Toward that end, Ascend provides a framework for automated data ingestion that supports no-, low- and high-code connectors to databases, APIs, data warehouses, data lakes and more. (A data lake is a centralized repository for structured and unstructured data, while a data warehouse is a system for business intelligence activities — particularly analytics.) With this framework and other tools, including continuous data integrity monitoring and delivery, Knapp says that a brand could build out a customer data platform to normalize customer data from multiple sources, for example, or create a pipeline to bring data from online ecommerce sales into a business intelligence platform like Looker.

Image Credits: Ascend.io

By the end of the year, the goal is to introduce new features that automate data workloads across clouds, data lakes, data warehouses and more “with unified metadata, lineage, [and] observability,” Knapp says (in admittedly vague terms). In the nearer term, Ascend plans to expand beyond its support for analytics platforms Spark, Snowflake and Google BigQuery to include AWS Redshift, AWS Glue and Microsoft Synapse and add “full multi-cloud data mesh automation.” (Here, a “data mesh” refers to an architecture and operating model where data is treated as a product and managed by domain-specific teams.)

AWS Glue Serverless and AWS Redshift Serverless integration is available in preview as of today.
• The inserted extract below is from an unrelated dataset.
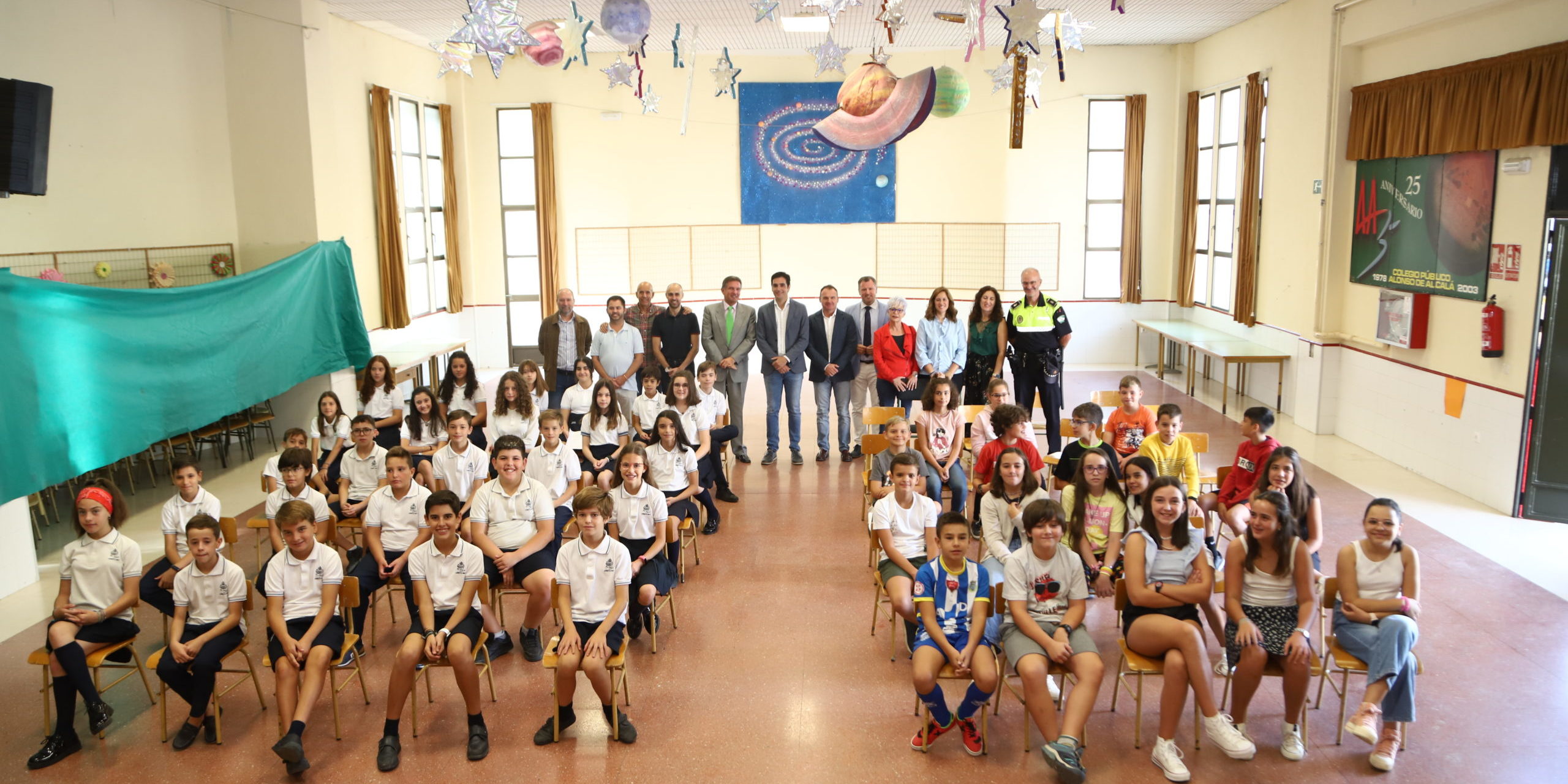 Los directores de ambos centros, José Ramon Dominguez de Torres y José Luis Pinto, han rubricado su compromiso con el proyecto, en un acto que ha tenido lugar en el salón de actos del Alonso de Alcalá. El alcalde ha animado a los escolares participantes de 6º de Primaria a cumplir con los objetivos marcados y ha elogiado el trabajo de Valeriano Muñoz, policía monitor del Parque Infantil de Tráfico (PIT), “una persona reconocida en la provincia por su experiencia y saber hacer, que tenemos la suerte de tener Alcalá, al servicio de la formación en seguridad vial”.

“Increasingly, organizations are collecting, storing, processing and sharing data across more than one system. Trying to coordinate data movement and processing across these systems reliably often results in ‘split brain’ systems that threaten data integrity and undermine the confidence of data systems,” Knapp said. “The pandemic has accelerated adoption of the Ascend platform. Companies relied even more on data to succeed and keep the business moving during the pandemic, and increasingly adopted automation as a way of helping their already overloaded teams achieve more and boost productivity.”

Underlining the trends, Knapp claims that Ascend, which currently has 23 employees (ramping to 56 by year’s end), notched a 600% climb in annual recurring revenue over the past 12 months. Despite competition from startups like Matillion and Astronomer, Ascend’s user count expanded across customers including News Corp., Afresh and Harry’s as the platform began automating more than 10 million data processing jobs each month, Knapp says.

Issac Roth, managing director at Shasta Ventures, who participated in Ascend’s Series B round, told TechCrunch via email: “Backing Ascend is an exciting move for us. We are bullish on the data ecosystem as a whole and it is increasingly clear that Ascend’s innovative approach to automation addresses the rapidly growing and presently unmet needs of the market. Their growth numbers and customer satisfaction are inspiring, and we are excited to partner with them on this journey.”